**Activity**.
Taking the line with "4年生は体育館で,運動会の団" as the first and the line with "当地时间2022年11月19" as the last, set down exactly every line in that range from the entries below, and no more.

**Source data**.
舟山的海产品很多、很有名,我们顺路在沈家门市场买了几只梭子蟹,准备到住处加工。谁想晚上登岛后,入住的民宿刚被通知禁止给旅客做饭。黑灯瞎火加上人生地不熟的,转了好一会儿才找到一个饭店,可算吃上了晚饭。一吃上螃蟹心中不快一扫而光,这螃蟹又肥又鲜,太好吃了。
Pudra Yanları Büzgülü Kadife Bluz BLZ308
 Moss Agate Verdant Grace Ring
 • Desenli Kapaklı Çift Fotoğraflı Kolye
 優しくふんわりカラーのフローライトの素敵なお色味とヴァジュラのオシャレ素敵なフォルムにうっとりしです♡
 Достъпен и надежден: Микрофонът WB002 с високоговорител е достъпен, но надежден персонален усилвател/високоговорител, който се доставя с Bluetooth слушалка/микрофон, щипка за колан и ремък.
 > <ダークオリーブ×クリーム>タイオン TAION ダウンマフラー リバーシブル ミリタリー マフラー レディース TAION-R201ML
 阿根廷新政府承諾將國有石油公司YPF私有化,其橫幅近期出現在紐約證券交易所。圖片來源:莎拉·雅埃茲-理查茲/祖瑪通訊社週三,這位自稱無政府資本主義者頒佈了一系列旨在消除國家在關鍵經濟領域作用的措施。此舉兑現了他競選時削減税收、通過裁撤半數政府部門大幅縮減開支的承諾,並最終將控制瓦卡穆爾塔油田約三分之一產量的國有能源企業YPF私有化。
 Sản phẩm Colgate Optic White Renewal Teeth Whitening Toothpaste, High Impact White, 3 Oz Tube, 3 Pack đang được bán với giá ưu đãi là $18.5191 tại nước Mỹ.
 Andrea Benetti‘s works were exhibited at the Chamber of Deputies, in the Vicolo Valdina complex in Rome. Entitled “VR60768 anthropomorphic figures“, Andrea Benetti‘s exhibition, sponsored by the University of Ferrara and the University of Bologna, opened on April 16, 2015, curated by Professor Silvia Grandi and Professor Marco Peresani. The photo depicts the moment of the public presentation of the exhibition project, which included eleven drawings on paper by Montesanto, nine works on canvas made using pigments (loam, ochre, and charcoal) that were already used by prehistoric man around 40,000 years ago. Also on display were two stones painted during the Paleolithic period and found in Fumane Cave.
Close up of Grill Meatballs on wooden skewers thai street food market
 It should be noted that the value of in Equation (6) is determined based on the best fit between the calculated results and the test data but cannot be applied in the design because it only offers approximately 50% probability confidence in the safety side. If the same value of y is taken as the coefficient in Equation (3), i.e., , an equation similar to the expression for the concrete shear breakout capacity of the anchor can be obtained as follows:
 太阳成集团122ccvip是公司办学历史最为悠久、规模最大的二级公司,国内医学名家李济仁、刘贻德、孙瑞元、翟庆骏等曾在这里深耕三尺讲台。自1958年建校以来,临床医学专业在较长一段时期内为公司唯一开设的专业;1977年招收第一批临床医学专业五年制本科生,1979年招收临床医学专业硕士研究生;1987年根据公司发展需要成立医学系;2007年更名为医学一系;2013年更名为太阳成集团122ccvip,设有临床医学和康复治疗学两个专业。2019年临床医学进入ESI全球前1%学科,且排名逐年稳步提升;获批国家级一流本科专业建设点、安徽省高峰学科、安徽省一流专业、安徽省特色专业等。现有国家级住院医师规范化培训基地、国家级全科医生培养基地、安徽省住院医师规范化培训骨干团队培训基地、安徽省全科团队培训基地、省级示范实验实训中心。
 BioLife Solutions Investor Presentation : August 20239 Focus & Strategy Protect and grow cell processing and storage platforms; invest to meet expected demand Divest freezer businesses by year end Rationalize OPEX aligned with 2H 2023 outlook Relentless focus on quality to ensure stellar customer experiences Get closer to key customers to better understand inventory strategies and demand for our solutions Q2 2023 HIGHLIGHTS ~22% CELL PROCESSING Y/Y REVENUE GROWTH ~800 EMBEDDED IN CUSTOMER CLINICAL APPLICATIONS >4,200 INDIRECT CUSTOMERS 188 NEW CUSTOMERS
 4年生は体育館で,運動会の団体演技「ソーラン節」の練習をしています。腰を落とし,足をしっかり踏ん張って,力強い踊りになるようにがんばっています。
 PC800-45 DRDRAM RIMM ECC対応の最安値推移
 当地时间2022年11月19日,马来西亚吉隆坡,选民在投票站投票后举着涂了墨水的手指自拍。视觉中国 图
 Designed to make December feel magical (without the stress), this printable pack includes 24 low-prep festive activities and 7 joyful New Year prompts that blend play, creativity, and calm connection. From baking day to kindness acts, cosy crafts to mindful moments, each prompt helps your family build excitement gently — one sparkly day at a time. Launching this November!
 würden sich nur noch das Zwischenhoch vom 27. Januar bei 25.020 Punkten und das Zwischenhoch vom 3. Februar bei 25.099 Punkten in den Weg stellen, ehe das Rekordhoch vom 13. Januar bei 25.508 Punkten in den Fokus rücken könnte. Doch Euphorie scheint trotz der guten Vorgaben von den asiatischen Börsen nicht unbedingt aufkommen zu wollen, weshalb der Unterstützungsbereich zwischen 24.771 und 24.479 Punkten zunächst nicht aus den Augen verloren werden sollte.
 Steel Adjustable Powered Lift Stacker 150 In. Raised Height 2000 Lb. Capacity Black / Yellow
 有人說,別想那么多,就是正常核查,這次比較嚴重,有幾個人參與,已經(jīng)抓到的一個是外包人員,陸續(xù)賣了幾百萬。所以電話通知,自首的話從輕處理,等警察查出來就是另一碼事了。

**Output for this task**.
 4年生は体育館で,運動会の団体演技「ソーラン節」の練習をしています。腰を落とし,足をしっかり踏ん張って,力強い踊りになるようにがんばっています。
 PC800-45 DRDRAM RIMM ECC対応の最安値推移
 当地时间2022年11月19日,马来西亚吉隆坡,选民在投票站投票后举着涂了墨水的手指自拍。视觉中国 图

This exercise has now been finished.